Фактически, речь идет о том, что фантазия, особенно свойственная волшебной истории, способна заставить нас вновь увидеть реальность бытия во всей свойственной ей тайне. Она способна освободить нас от плена иллюзии, в котором мы пребываем, считая окружающую реальность «принадлежащей» нам или «постигнутой» нами. Словами, свойственными размышляющему художнику, Толкин сообщает нам здесь то, что было хорошо известно высокой схоластике — особенно св. Фоме Аквинскому. Бытие есть тайна, — всякое бытие, даже самое малое и незаметное — бытие пылинки. Поддаваясь иллюзии «овладения знанием» мы, поневоле, лишаемся подлинного знания, выпуская из вида это присутствие тайны бытия. Чтобы подлинно познавать, подлинно «владеть» — в том смысле, который вкладывает в это слово библейская Книга Бытия — мы должны всякий раз видеть то, с чем встречаемся как нечто новое, непрестанно видеть мир таким, каким увидел его Адам в тот день, когда давал всему имена. Это и есть Выздоровление нашего взгляда и восприятия — вновь увидеть то, что мы некогда перестали видеть.

Эта болезнь нашего видения — потеря чуда бытия — коснулась и самых важных и значимых вещей: такова, например, утрата веры. Современный человек нередко полагает, что ему знакомы евангельские истины — и потому на самом деле перестает их видеть. Для многих читателей книги Толкина стали тем волшебством, которое позволило им «выздороветь» — вновь увидеть казавшийся знакомым, а оказавшийся таким далеким и новым, евангельский свет.

Другими важными сторонами волшебной истории, согласно мысли Толкина, являются тесно связанные между собой Побег и Утешение. С точки зрения Толкина, когда мы говорим о свойственном волшебной истории Побеге, мы не говорим о бегстве «от реальности» и «от жизни». Речь скорее могла бы идти о бегстве от уродства к красоте, от зла — к добру. Фактически (даже если Толкин и не говорит об этом прямо), речь идет о побеге из того плена, в котором мы часто оказываемся в «современном» мире, нередко заключающем нас в уродливые и злые формы своей «жизни», которую он, совершенно неоправданно, называет «реальной». На самом деле, для того, чтобы преодолеть зло, человек должен совершить собственный внутренний «побег» к добру иначе он будет оставаться в мире, лишенном надежды и света. В этом смысле, таким «побегом», указывающим на реальность и дающим новые силы, является и евангельская истина (и не случайно, хотя и ошибаясь, обвиняют в «бегстве от реальности» верующих людей). Современный мир часто называет реальным то, что убого и дурно, а о подлинной реальности. Он как бы заключает человека в ложные рамки, направляя его вдаль от истинного. Из этого заключения бежать не только похвально, но и необходимо (так христианин обретает реальность добра, совершая побег: из рабства греху — в свободу сынов Божиих ВО Христе):

Побег — одна из важнейших функций волшебных историй, но, так как я никогда не осуждал их, я, конечно же, не могу принять жалостливого или даже презрительного тона, в котором ныне часто говорят об «эскапизме» — причем само по себе слово «побег» вне пределов литературной критики не дает для этого никаких оснований.

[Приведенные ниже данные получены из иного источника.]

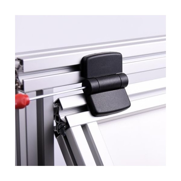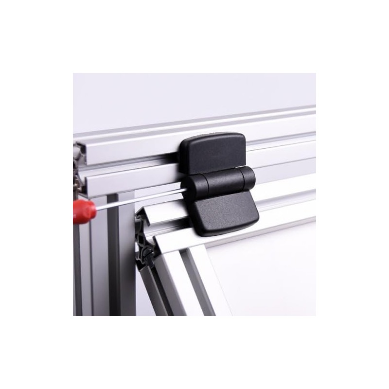 For surface elements and aluminium profiles. The torque (friction) is adjusted with an Allen key on the axle. The friction hinge keeps doors and flaps open or closed at any angle.

В том, что обычно называется «Реальной Жизнью». Побег, как правило, — поступок совершенно необходимый и даже порой героический. В реальной жизни Побег можно упрекнуть только в том, что он иногда терпит неудачу; в критике же его всегда порицают тем больше, чем лучше он удается. Очевидно, что мы сталкиваемся здесь как с неверным употреблением слов, так и с путаницей в мыслях. Разве следует презирать человека, который бежит из темницы, чтобы вернуться домой? Или того, кто, не имея возможности убежать, думает и говорит о чем?то, не связанном с тюрьмой и тюремщиками? Мир за стенами темницы не станет менее реальным лишь оттого, что узник его не в силах увидеть. Ополчившись на слово «побег», критики искажают его смысл; более того, они путают — и я думаю, что это не простая ошибка, — Побег Узника и Бегство Дезертира. Точно так же ка- кой?нибудь партийный оратор вполне мог бы заклеймить, как предательство, бегство от ужасов гитлеровского или иного рейха или несогласие с ним. А критики поступают еще хуже — они обрушиваются с презрением не только на Дезертирство, но и на подлинный Побег, и на все, что ему порою сопутствует: Отвращение, Гнев, Осуждение и Восстание. Но этого мало: они не только путают побег узника с бегством дезертира; мне вообще кажется, что им больше угодны предательские соглашения, чем сопротивление патриотов. С их точки зрения достаточно сказать: «Страна, которую ты любил, обречена», — и будет оправдано и даже восславлено любое предательство[144].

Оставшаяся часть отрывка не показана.